◆ **Material supplied**:
%%
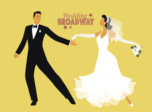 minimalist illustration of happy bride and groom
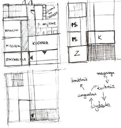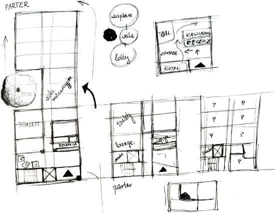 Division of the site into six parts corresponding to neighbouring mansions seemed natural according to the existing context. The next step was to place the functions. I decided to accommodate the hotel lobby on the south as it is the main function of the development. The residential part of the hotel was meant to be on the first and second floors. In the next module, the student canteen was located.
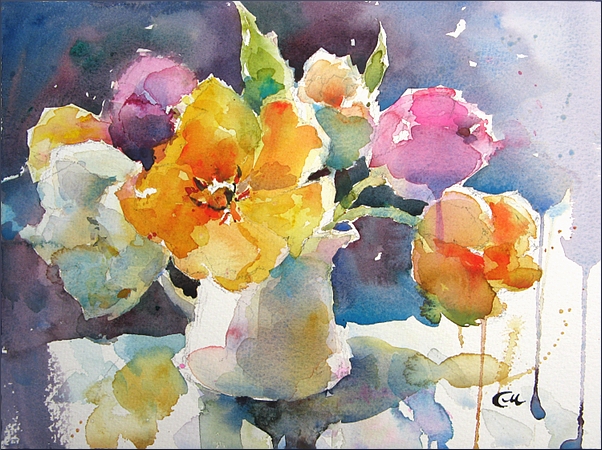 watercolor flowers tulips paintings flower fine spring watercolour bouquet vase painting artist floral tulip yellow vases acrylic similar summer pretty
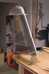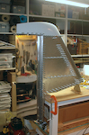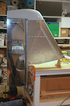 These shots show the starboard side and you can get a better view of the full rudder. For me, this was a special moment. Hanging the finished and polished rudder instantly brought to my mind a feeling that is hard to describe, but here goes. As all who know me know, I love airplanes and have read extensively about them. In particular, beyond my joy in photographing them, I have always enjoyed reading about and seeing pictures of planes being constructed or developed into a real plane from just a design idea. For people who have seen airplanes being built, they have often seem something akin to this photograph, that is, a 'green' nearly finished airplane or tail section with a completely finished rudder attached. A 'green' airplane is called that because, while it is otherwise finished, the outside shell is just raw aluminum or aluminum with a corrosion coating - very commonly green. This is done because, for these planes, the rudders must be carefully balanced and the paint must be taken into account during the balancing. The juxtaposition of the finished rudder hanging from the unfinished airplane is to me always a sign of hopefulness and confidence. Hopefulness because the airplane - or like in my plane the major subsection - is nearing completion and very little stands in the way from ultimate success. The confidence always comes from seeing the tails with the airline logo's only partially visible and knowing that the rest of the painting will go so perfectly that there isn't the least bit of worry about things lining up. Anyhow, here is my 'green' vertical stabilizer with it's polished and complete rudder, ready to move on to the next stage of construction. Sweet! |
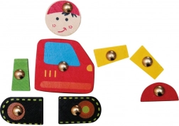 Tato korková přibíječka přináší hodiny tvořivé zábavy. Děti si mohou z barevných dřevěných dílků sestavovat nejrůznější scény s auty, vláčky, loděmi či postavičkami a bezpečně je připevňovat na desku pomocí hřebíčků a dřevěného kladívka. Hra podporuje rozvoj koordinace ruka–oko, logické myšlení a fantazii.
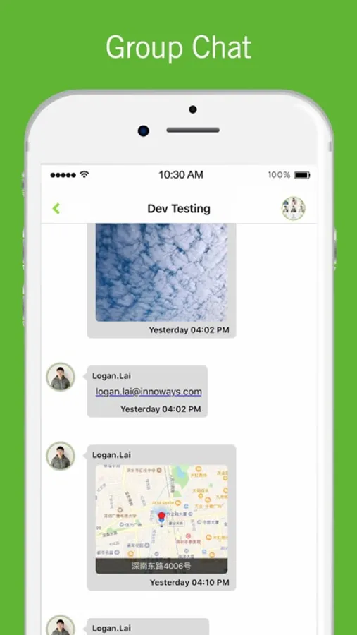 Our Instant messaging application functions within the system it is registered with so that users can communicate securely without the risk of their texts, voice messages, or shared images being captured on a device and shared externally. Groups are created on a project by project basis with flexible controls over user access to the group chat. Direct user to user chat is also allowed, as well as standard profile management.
%%
%%
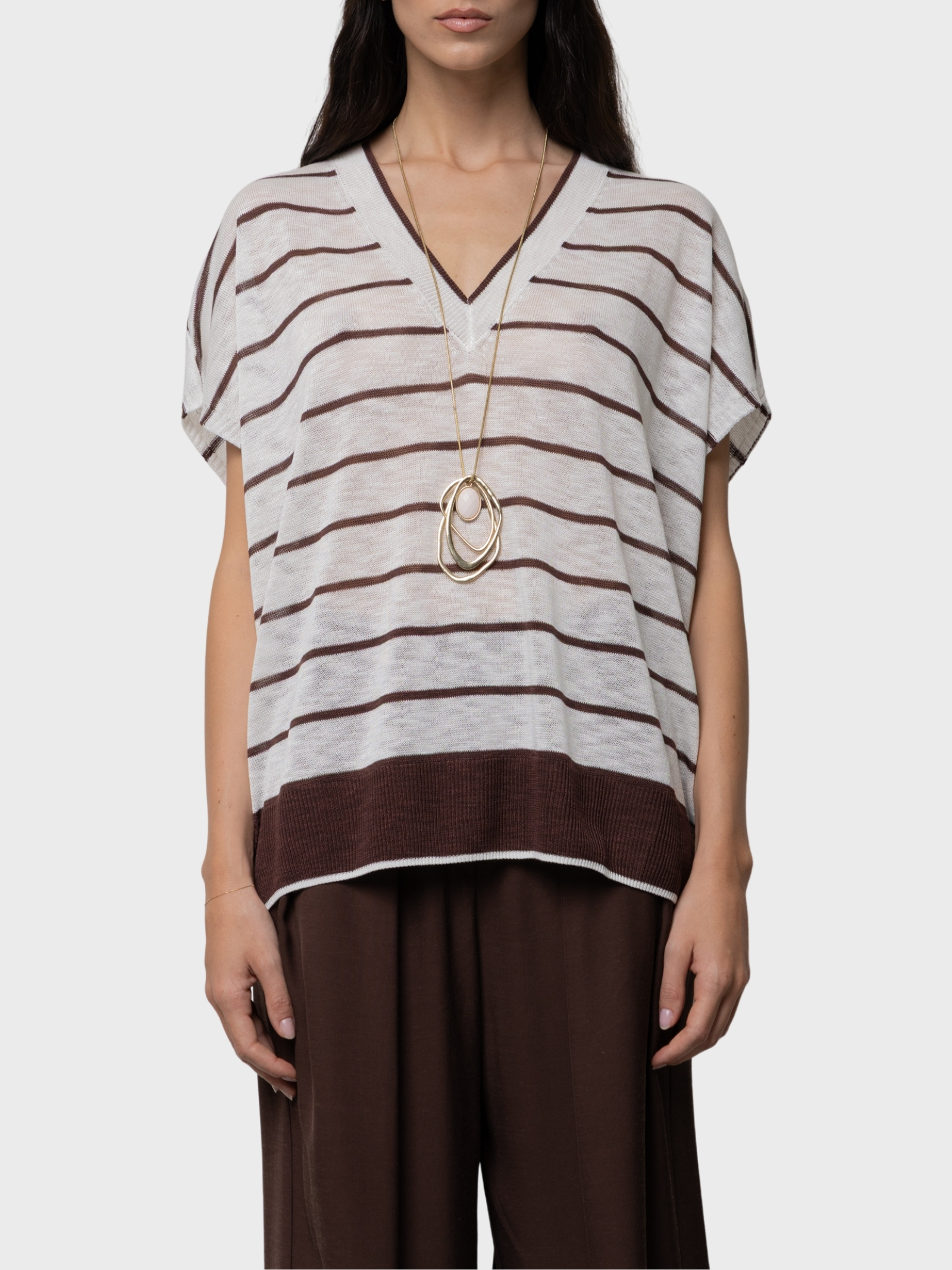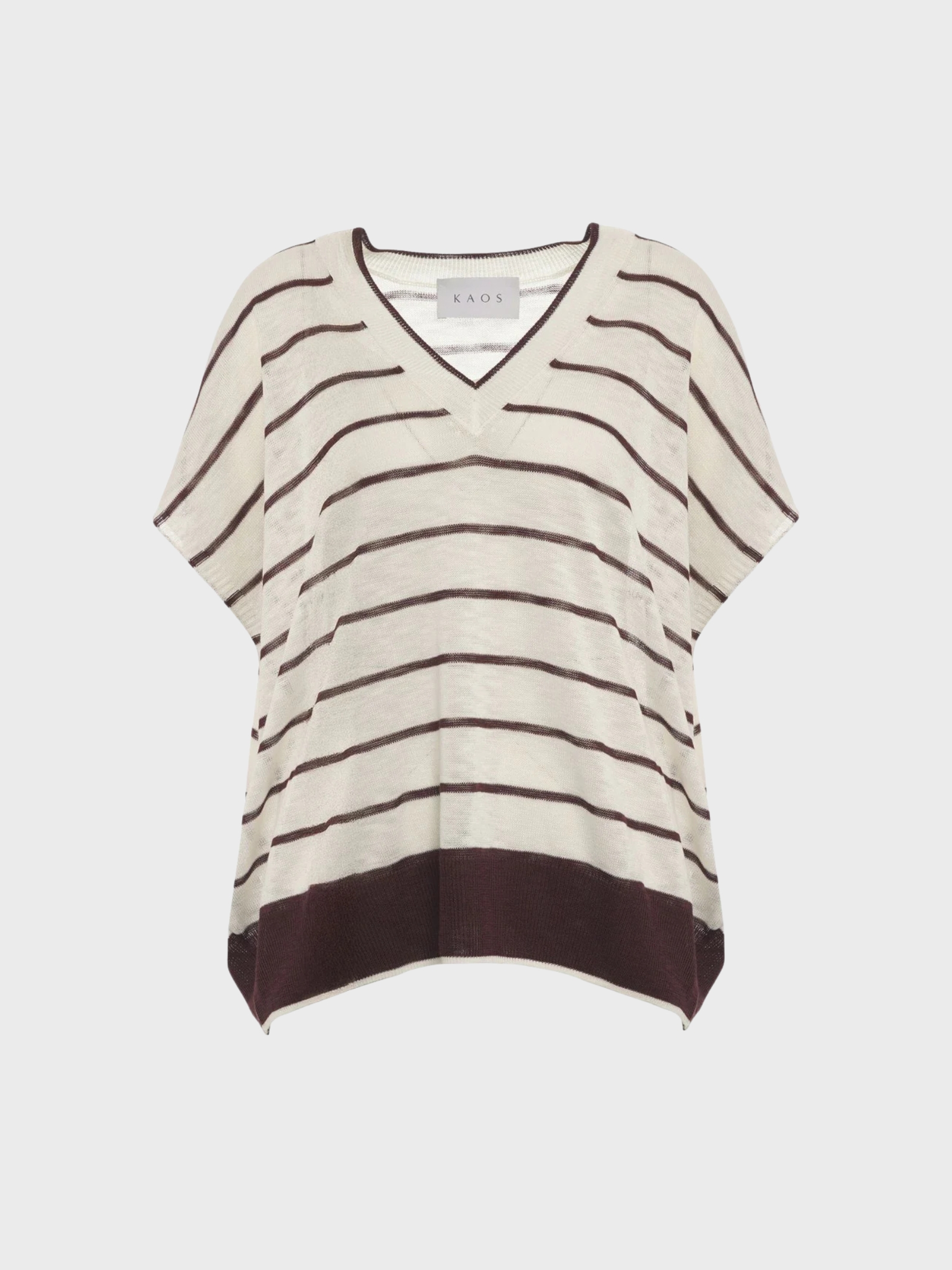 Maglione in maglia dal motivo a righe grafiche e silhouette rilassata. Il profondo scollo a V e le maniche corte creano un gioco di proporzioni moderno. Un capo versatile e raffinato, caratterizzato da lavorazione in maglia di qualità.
%%
◆ **Work order**:
Word for word, restate the lines above from the one with "minimalist illustration of" through the one with "watercolor flowers tulips", keeping both ends and dropping the pictures.

◆ **The answer**:
 minimalist illustration of happy bride and groom
 Division of the site into six parts corresponding to neighbouring mansions seemed natural according to the existing context. The next step was to place the functions. I decided to accommodate the hotel lobby on the south as it is the main function of the development. The residential part of the hotel was meant to be on the first and second floors. In the next module, the student canteen was located.
 watercolor flowers tulips paintings flower fine spring watercolour bouquet vase painting artist floral tulip yellow vases acrylic similar summer pretty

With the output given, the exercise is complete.